» **Task**
The data below contains pictures, which are to be skipped; the lines starting at the line with "One Ladies Pre" and ending at the line with "Comfortabele rijbroek met" are to be output exactly, both ends included.

» **Data supplied**
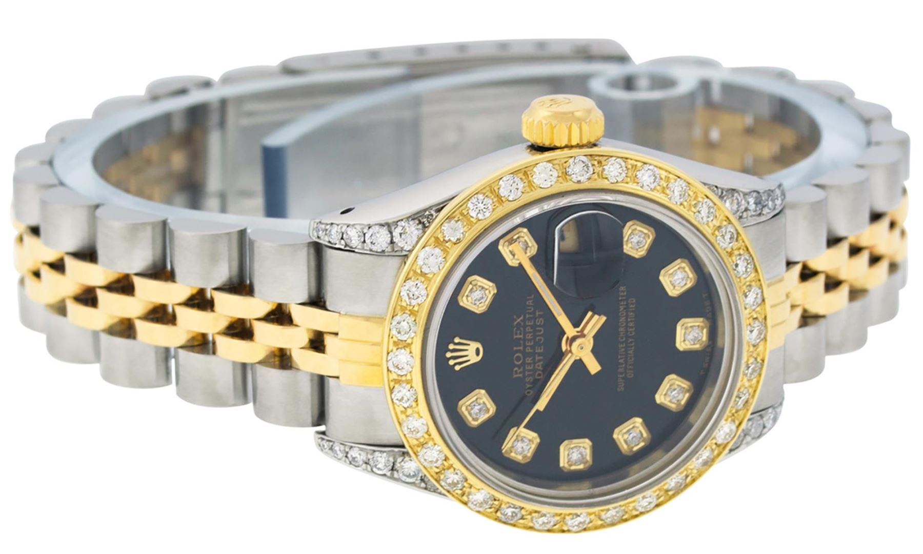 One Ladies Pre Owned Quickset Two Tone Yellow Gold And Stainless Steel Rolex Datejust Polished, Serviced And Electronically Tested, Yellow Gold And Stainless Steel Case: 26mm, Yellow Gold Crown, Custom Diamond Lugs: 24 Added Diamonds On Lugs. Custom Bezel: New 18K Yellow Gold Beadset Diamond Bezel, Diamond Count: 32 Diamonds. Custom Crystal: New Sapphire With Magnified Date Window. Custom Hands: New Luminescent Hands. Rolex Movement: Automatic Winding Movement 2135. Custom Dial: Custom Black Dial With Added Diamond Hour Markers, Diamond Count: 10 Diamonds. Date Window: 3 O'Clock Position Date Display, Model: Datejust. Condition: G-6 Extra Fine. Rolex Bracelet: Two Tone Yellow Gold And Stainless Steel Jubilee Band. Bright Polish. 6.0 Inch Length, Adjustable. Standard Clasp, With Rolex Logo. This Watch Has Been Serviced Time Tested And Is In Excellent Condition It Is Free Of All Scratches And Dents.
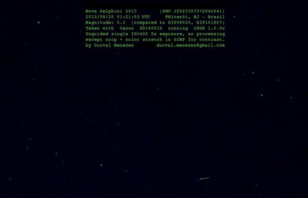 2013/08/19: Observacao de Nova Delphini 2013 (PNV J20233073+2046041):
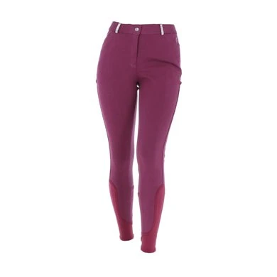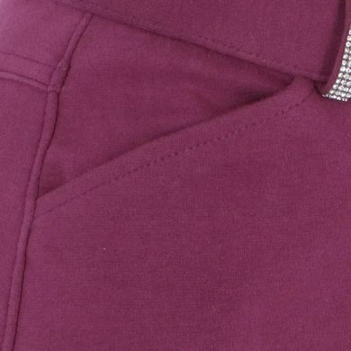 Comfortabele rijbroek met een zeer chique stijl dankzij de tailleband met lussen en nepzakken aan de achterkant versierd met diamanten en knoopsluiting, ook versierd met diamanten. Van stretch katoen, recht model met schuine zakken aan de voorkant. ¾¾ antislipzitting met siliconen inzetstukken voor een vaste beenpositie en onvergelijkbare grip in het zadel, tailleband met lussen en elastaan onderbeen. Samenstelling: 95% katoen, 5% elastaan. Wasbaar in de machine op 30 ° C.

--

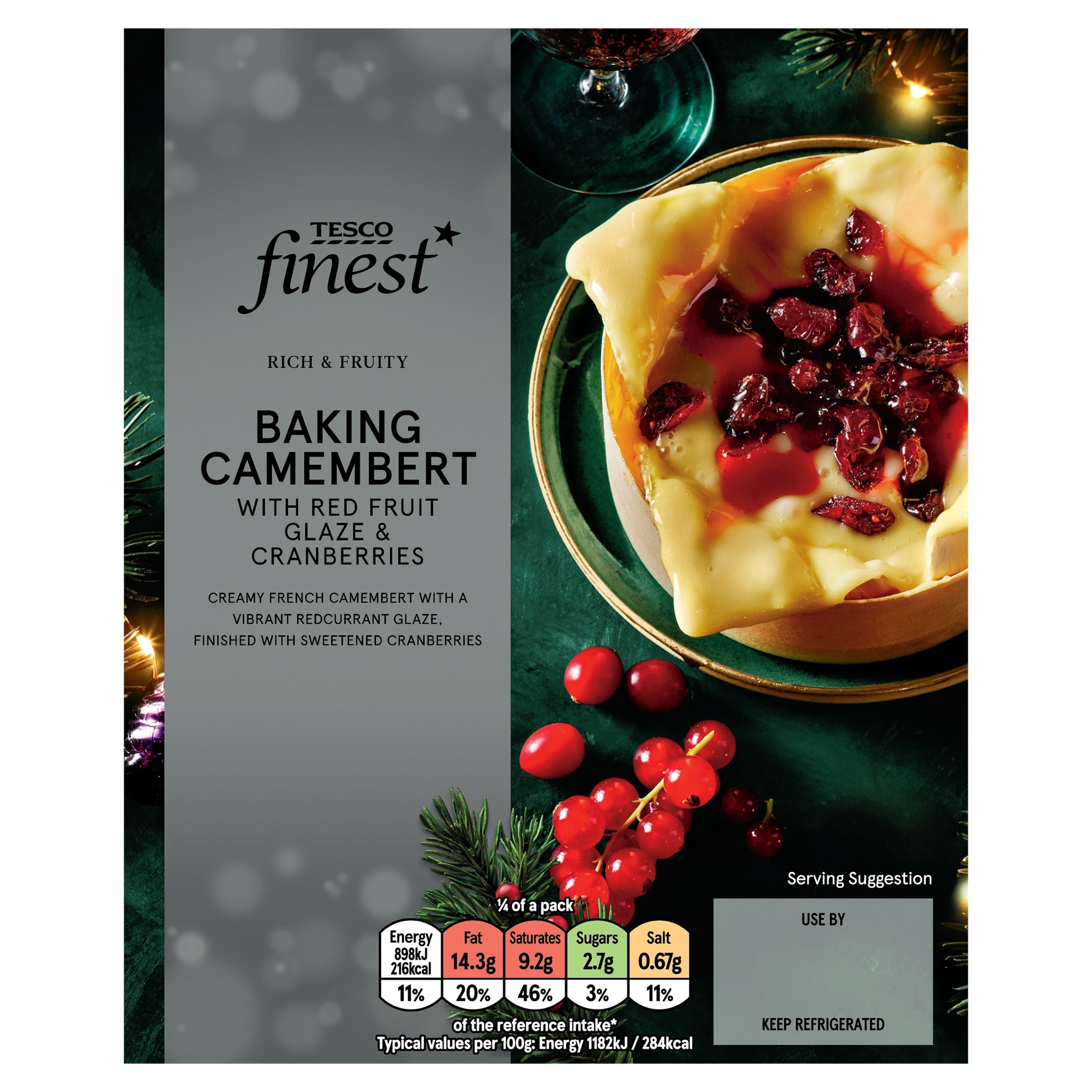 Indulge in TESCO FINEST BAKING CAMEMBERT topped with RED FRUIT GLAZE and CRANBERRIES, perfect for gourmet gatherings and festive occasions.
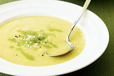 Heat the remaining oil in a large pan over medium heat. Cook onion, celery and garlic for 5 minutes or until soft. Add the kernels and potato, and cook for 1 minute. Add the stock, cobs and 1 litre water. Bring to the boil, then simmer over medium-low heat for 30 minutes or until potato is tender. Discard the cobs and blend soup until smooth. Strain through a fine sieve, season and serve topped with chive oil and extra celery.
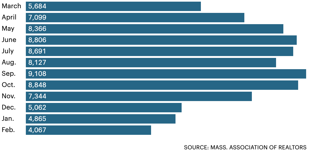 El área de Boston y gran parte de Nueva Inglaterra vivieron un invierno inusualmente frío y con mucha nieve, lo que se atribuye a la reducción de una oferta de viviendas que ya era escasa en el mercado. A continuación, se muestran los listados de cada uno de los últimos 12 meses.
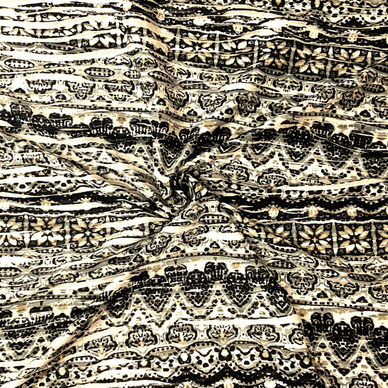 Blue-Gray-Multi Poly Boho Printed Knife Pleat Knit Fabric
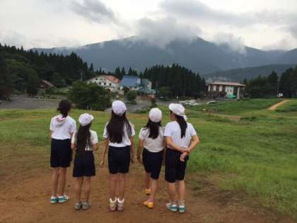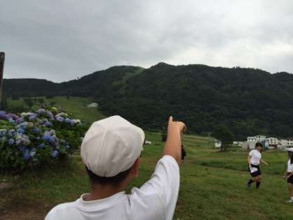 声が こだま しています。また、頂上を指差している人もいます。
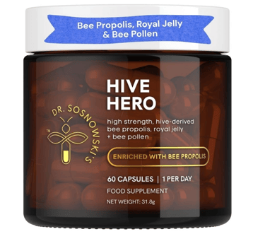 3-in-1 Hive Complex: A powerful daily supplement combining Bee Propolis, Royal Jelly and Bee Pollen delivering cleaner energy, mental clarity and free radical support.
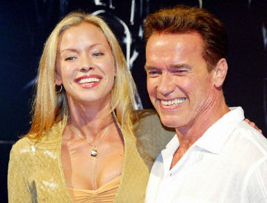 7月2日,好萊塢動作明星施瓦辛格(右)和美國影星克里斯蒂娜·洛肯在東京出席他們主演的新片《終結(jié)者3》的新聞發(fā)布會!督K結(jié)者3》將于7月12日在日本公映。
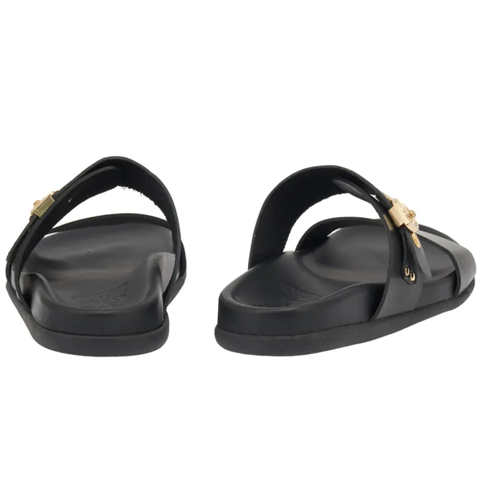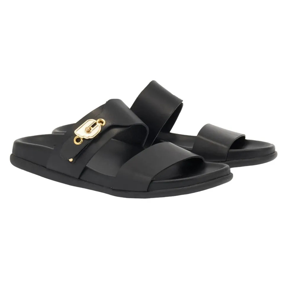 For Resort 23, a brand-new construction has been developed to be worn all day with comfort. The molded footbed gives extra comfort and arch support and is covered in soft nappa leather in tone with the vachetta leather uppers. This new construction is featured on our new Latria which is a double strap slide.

--

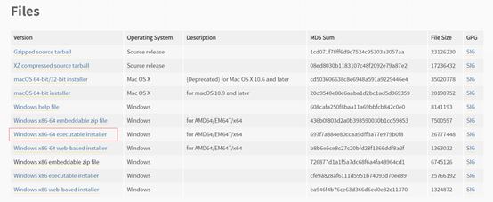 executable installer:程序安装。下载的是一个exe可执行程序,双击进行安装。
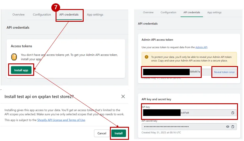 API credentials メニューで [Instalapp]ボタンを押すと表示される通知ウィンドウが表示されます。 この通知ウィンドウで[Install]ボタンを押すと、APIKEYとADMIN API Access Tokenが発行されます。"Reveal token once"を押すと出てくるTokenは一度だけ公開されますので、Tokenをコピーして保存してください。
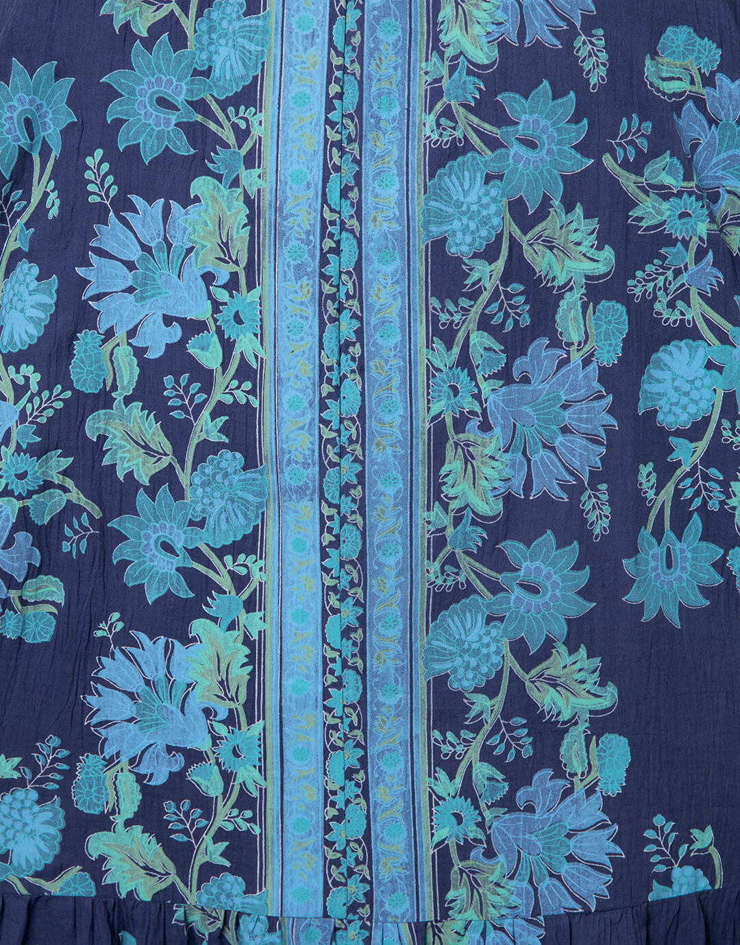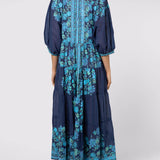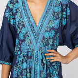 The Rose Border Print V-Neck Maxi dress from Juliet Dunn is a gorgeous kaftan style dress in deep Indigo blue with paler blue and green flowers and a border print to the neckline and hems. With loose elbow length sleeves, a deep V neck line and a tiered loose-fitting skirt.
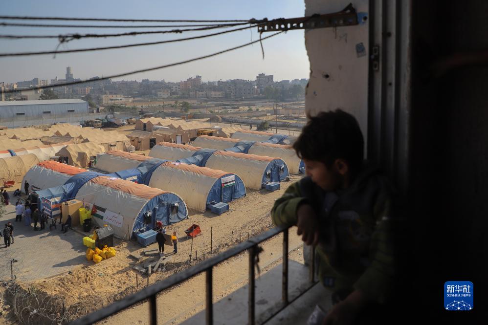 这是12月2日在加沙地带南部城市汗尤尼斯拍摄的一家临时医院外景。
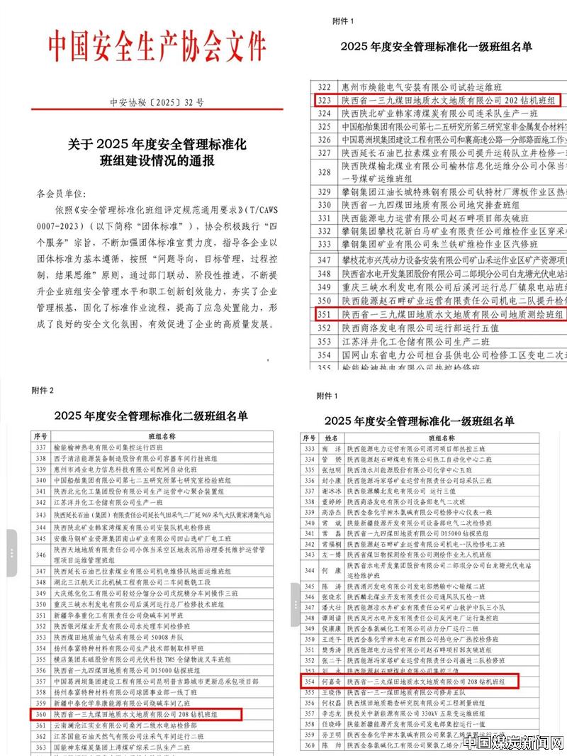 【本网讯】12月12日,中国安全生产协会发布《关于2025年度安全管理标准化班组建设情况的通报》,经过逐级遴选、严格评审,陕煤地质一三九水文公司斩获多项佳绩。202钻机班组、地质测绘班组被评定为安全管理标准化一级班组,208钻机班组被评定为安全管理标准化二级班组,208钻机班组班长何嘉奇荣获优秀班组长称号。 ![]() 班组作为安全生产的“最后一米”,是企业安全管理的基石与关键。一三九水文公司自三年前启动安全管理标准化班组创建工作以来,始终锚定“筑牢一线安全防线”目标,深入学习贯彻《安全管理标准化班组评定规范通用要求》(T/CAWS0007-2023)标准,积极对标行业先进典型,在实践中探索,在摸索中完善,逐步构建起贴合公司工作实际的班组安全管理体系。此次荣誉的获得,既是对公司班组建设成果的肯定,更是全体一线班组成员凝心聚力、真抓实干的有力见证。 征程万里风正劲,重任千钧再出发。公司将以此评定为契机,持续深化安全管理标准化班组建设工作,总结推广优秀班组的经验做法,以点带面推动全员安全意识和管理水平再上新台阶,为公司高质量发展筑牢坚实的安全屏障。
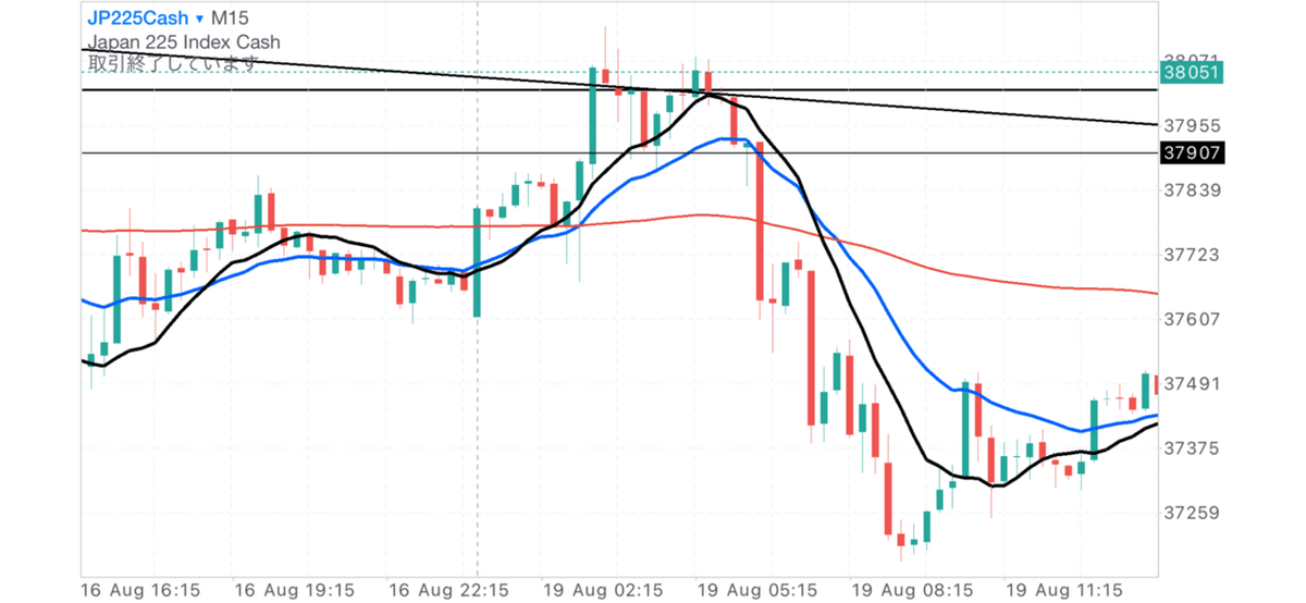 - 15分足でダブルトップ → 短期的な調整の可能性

» **Reply to the exercise**
 One Ladies Pre Owned Quickset Two Tone Yellow Gold And Stainless Steel Rolex Datejust Polished, Serviced And Electronically Tested, Yellow Gold And Stainless Steel Case: 26mm, Yellow Gold Crown, Custom Diamond Lugs: 24 Added Diamonds On Lugs. Custom Bezel: New 18K Yellow Gold Beadset Diamond Bezel, Diamond Count: 32 Diamonds. Custom Crystal: New Sapphire With Magnified Date Window. Custom Hands: New Luminescent Hands. Rolex Movement: Automatic Winding Movement 2135. Custom Dial: Custom Black Dial With Added Diamond Hour Markers, Diamond Count: 10 Diamonds. Date Window: 3 O'Clock Position Date Display, Model: Datejust. Condition: G-6 Extra Fine. Rolex Bracelet: Two Tone Yellow Gold And Stainless Steel Jubilee Band. Bright Polish. 6.0 Inch Length, Adjustable. Standard Clasp, With Rolex Logo. This Watch Has Been Serviced Time Tested And Is In Excellent Condition It Is Free Of All Scratches And Dents.
 2013/08/19: Observacao de Nova Delphini 2013 (PNV J20233073+2046041):
 Comfortabele rijbroek met een zeer chique stijl dankzij de tailleband met lussen en nepzakken aan de achterkant versierd met diamanten en knoopsluiting, ook versierd met diamanten. Van stretch katoen, recht model met schuine zakken aan de voorkant. ¾¾ antislipzitting met siliconen inzetstukken voor een vaste beenpositie en onvergelijkbare grip in het zadel, tailleband met lussen en elastaan onderbeen. Samenstelling: 95% katoen, 5% elastaan. Wasbaar in de machine op 30 ° C.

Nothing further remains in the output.